Annual follow-up information was obtained from hospital medical records of readmission, telephone contacts with patients or their immediate family members, and death registration at the Guangdong Provincial Center for Disease Control and Prevention. The current surveys were followed to the end of June 2015 or patient's death if the date was prior to June 2015. We used the ICD codes to code the cause of death; the ICD codes I00–I99 were classified as CVD deaths.

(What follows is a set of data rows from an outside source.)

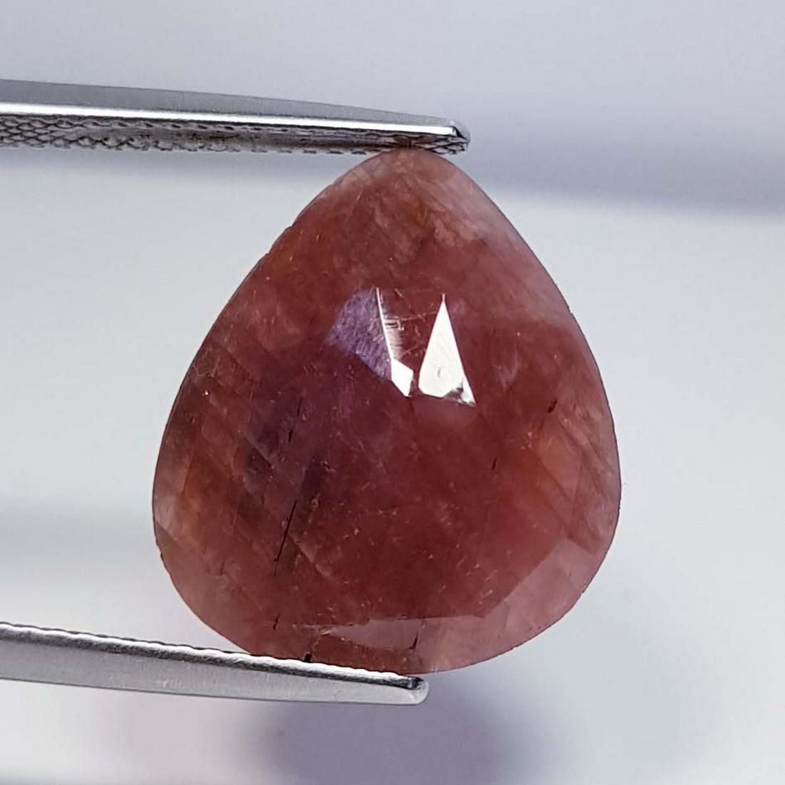 Sold15.25 ct Natural Faceted RubyNo Reserve! Title:15.25 ct Natural Faceted Ruby Color/Clarity:Opaque Gemstones:Gemstones Carat Weights:$15 Size/Dimensions:20.50 x 15.70 x 5.00 Additional Information:Pear - Bruma Shipping: Worldwide:See Sold Price
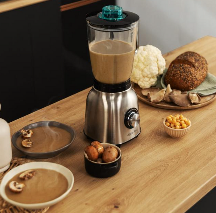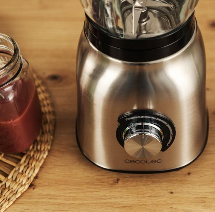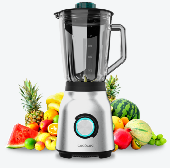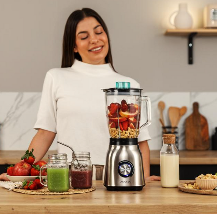 Mixeur-blender de 1800 W / 4382 Mixeur-blender de 1800 W très puissant avec 5 vitesses et 6 lames en acier inoxydable. Il pile la glace et dispose des fonctions Turbo, Smothiee et AutoClean. Mixeur-blender avec finitions en acier inoxydable. Obtenez un broyage optimale avec ses 1800 W de puissance maximale. Bol en verre fondu thermorésistant qui possède une haute résistance contre les impacts. Il possède et 1,5 L de capacité. Il convient pour préparer des élaborations chaudes et froides. Finitions en acier inoxydable. 5 vitesses qui s’adaptent aux besoins de tous les aliments. 6 lames avec revêtement en acier inoxydable, ce qui les rend plus résistantes et plus affûtées pendant plus longtemps. Fonction Turbo pour broyer et pulvériser les aliments les plus durs, y compris la glace, à la vitesse maximale. Fonction Smoothie pour des textures parfaites. Fonction d’auto-nettoyage : ajoutez de l’eau, démarrez le mixeur et il sera parfait automatiquement.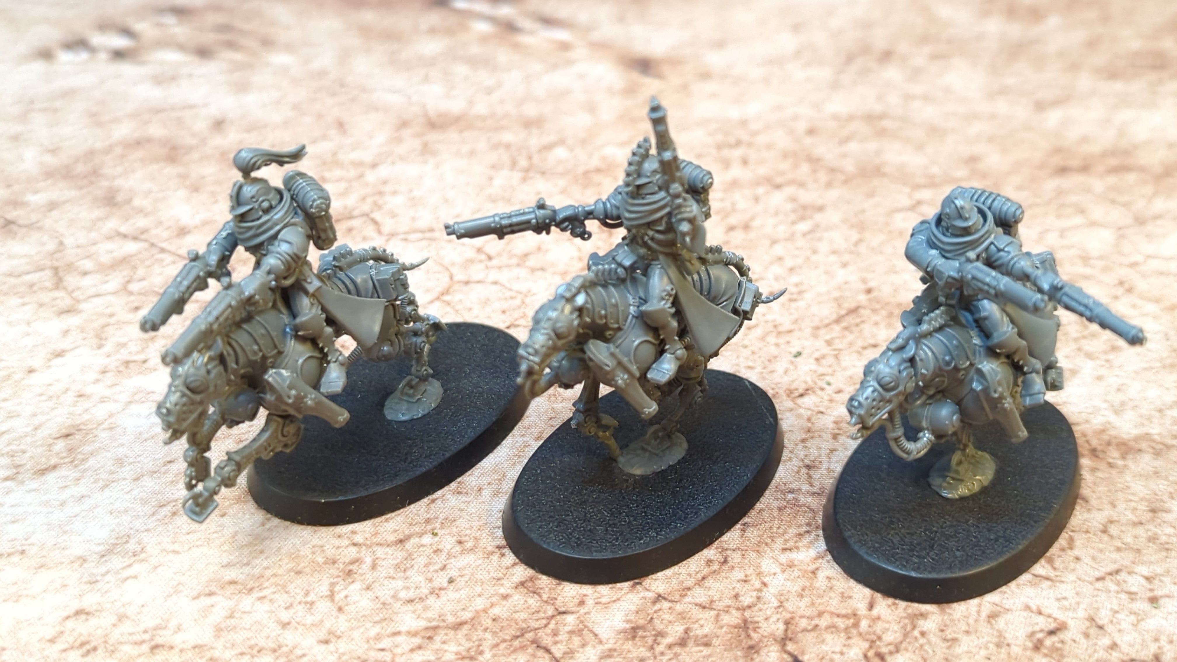 Adeptus Mechanicus Sulphurhounds x3. Unpainted or partially painted. Assembled or partially assembled models. Please refer to the pictures for additional details, if any, before buying.

Differences in baseline characteristics from the derivation cohort according to death status were tested by the general linear model for continuous variables and logistic regression for categorical variables after adjusting age and gender (except for age and gender). Major traditional risk factors (age, FBG, HDL-C, LDL-C, BP, and cigarette use) have been grouped into three classes: (1) age, <60, 60-69, ≥70 years; (2) FBG, <5.6, 5.6-6.9, ≥7.0 mmol/L and known diabetes (diabetes diagnosed before the baseline examinations); (3) HDL-C, <1.03, 1.03-1.54, ≥1.55 mmol/L; (4) LDL-C, <2.59, 2.59-4.14, ≥4.15 mmol/L; (5) BP, <120/80, 120-139/80-89, ≥140/90 mm Hg; (6) smoking status, never, past, current. Cox proportional hazards models were performed to determine the associations between baseline major risk factors (gender, age, FBG, HDL-C, LDL-C, BP, and cigarette use) and the risk of all-cause and CVD mortality in both 4-year and whole follow-up periods, respectively. All analyses were adjusted for alcohol drinking, marriage, leisure-time physical activity, family history of CHD, type of CHD, and BMI. The selected risk factors were included as categories in the risk score systems to allow for possible non-linear effects of the factors and so that a risk score can be evaluated for a given individual by simply summing scores corresponding with the categories for each factor. We gave a risk score for each category of each factor, except for BP and smoking status because BP and smoking were not significant predictors in all multivariable-adjusted Cox models. These scores were beta coefficients, formed with the Cox model, multiplied by 10 and rounded to the closest integer . The risk score for an individual was obtained by summing the scores for the appropriate level of each of the risk factors. The associations of risk scores for all-cause and cardiovascular mortality over 4-year and whole period of follow-up were estimated by Cox models after adjusting for smoking, alcohol drinking, marriage, leisure-time physical activity, family history of CHD, types of CHD, BP categories, and BMI. Risk scores were included in the Cox model in two ways: as quartiles and as continuous variables. We additionally conducted the Pearson correlation coefficients to assess the correlation between BP and other traditional factors.
The discrimination of capacity of different risk score groups for the derivation cohort and the validation cohort was assessed by the AUROC. Statistical significance was considered to be P<0.05. All statistical analyses were performed using PASW for Windows, version 20.0 (IBM SPSS Inc., Chicago, IL).
CONFLICTS OF INTEREST
The authors declare no conflicts of interest.